■ Description of the task ■
Without the pictures, repeat all of the data exactly as it appears below.

■ Stored data ■
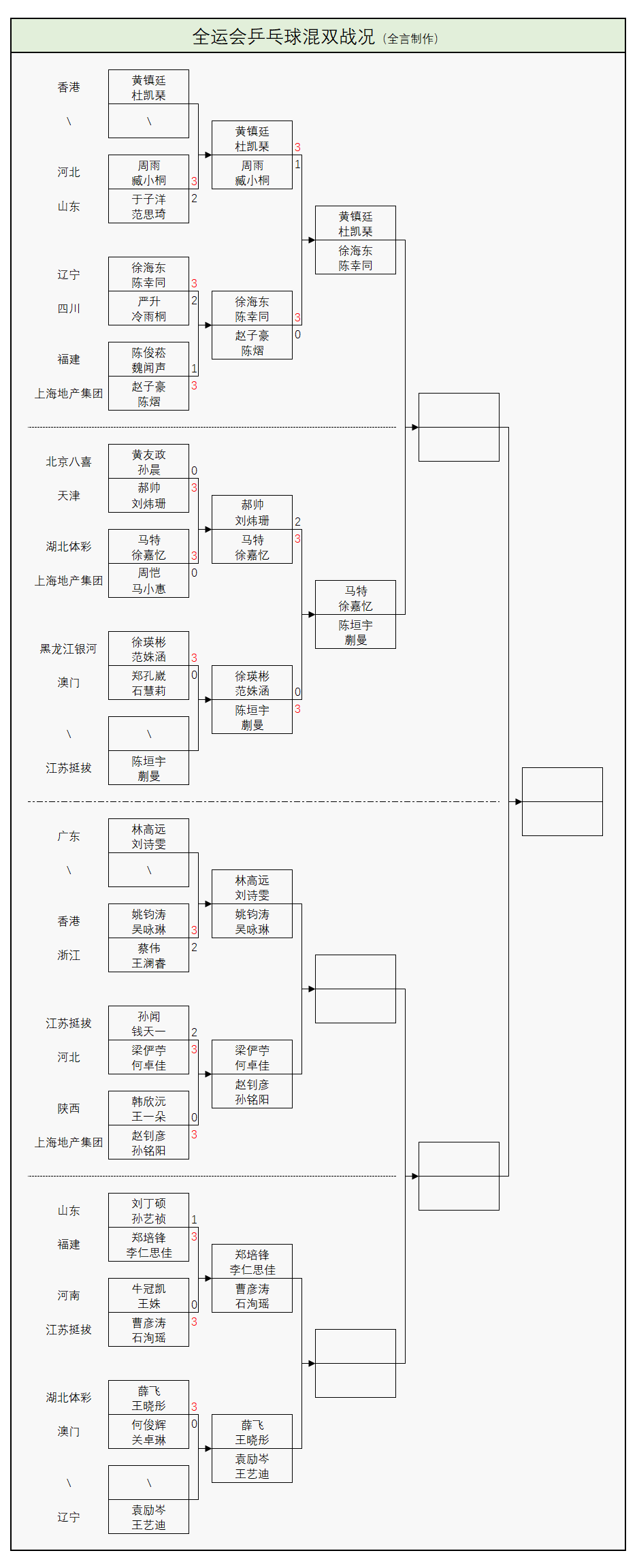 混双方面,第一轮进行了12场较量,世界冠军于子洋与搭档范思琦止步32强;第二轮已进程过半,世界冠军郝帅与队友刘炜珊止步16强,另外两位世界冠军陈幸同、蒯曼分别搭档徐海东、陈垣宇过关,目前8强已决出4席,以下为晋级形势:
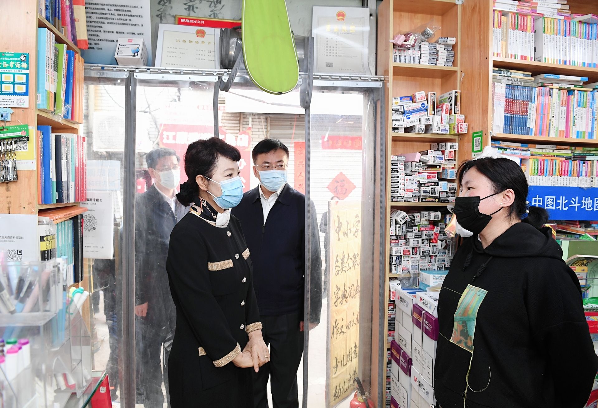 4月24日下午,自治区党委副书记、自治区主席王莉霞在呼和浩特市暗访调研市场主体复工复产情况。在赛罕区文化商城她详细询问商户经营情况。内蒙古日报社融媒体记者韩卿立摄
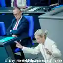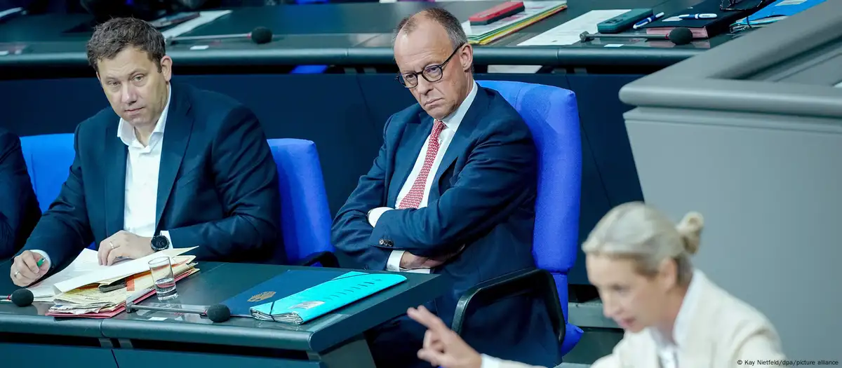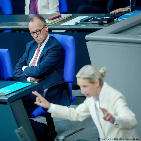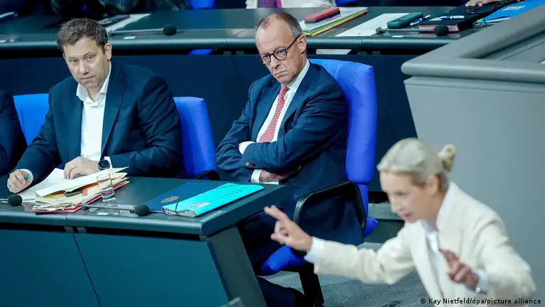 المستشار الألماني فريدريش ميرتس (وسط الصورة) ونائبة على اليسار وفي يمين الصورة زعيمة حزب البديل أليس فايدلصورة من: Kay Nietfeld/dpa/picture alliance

■ Solution to this task ■
 混双方面,第一轮进行了12场较量,世界冠军于子洋与搭档范思琦止步32强;第二轮已进程过半,世界冠军郝帅与队友刘炜珊止步16强,另外两位世界冠军陈幸同、蒯曼分别搭档徐海东、陈垣宇过关,目前8强已决出4席,以下为晋级形势:
 4月24日下午,自治区党委副书记、自治区主席王莉霞在呼和浩特市暗访调研市场主体复工复产情况。在赛罕区文化商城她详细询问商户经营情况。内蒙古日报社融媒体记者韩卿立摄
 المستشار الألماني فريدريش ميرتس (وسط الصورة) ونائبة على اليسار وفي يمين الصورة زعيمة حزب البديل أليس فايدلصورة من: Kay Nietfeld/dpa/picture alliance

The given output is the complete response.